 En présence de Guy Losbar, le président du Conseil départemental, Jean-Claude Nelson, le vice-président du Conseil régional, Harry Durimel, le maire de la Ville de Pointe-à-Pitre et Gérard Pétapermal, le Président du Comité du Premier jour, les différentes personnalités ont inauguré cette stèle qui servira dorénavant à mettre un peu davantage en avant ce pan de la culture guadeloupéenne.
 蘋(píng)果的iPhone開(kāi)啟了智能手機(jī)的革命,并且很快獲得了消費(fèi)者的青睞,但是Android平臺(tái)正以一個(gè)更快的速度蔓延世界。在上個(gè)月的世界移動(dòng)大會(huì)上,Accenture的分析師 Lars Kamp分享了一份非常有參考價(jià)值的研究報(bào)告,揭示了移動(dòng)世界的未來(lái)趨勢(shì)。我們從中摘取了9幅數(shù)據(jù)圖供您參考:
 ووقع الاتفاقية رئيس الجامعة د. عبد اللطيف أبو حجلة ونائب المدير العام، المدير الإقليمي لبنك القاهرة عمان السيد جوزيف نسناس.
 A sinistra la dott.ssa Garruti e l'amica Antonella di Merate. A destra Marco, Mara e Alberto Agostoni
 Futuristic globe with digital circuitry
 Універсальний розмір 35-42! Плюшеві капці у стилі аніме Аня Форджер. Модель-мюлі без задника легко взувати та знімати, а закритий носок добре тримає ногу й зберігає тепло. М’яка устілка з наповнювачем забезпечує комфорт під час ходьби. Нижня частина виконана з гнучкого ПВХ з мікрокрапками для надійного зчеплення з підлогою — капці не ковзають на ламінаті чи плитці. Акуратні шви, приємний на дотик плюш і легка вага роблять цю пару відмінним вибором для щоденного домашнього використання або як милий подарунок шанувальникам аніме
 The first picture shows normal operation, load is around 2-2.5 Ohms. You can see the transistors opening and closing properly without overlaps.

+ + + +

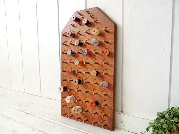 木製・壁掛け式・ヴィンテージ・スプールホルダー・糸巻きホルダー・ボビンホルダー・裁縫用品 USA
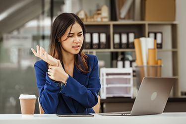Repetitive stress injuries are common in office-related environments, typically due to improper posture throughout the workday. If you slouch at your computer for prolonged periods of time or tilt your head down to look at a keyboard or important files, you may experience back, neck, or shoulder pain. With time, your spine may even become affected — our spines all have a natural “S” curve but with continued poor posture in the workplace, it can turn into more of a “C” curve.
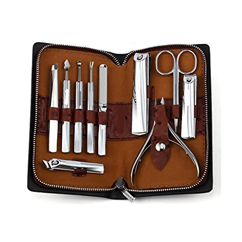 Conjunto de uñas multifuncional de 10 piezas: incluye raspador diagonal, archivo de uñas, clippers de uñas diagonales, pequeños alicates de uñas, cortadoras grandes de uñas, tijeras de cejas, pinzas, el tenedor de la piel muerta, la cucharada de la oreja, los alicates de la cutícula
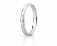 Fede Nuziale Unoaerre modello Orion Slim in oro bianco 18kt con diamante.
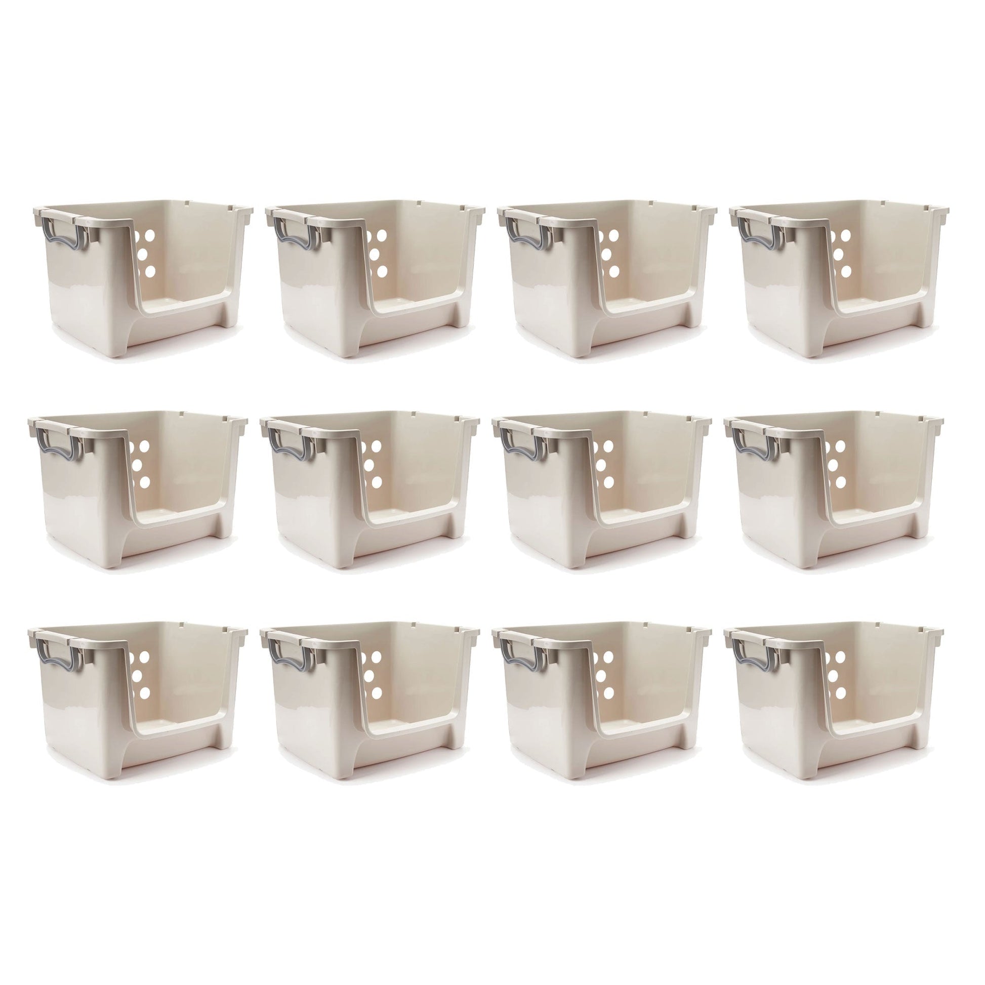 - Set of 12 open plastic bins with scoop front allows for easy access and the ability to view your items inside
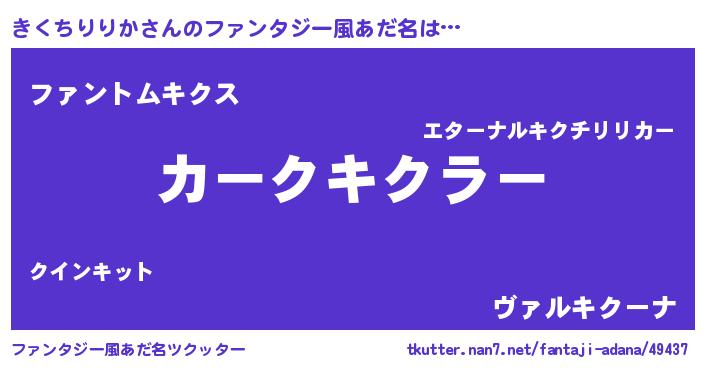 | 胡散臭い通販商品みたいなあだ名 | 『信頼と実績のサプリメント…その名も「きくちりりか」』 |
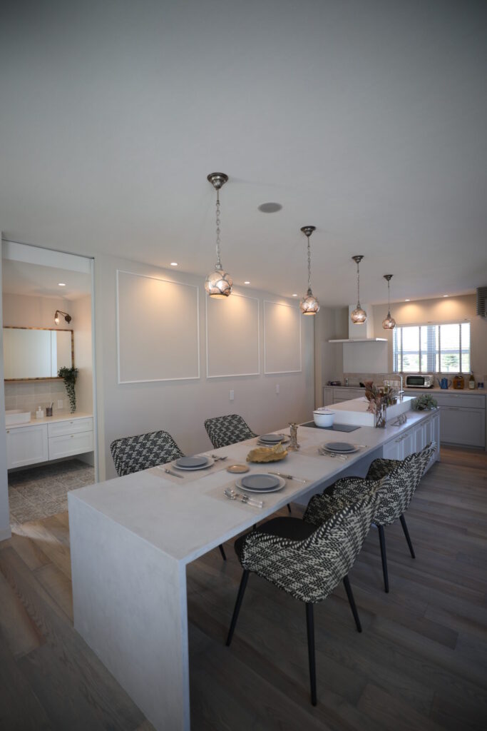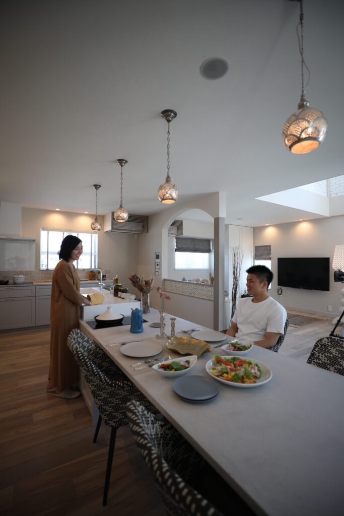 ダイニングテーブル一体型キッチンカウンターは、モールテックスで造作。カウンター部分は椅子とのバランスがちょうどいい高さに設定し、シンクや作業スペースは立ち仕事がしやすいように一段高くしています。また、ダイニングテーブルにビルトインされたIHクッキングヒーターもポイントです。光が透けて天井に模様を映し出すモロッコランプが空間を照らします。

+ + + +

#### [Task to carry out]
With the pictures left out, write out exactly the lines above from the one containing "- Set of 12" through the one containing "胡散臭い通販商品みたいなあだ名 | 『信頼と実績のサプリメント…その名も「きくちりりか」』 |".

#### [Answer box]
 - Set of 12 open plastic bins with scoop front allows for easy access and the ability to view your items inside
 | 胡散臭い通販商品みたいなあだ名 | 『信頼と実績のサプリメント…その名も「きくちりりか」』 |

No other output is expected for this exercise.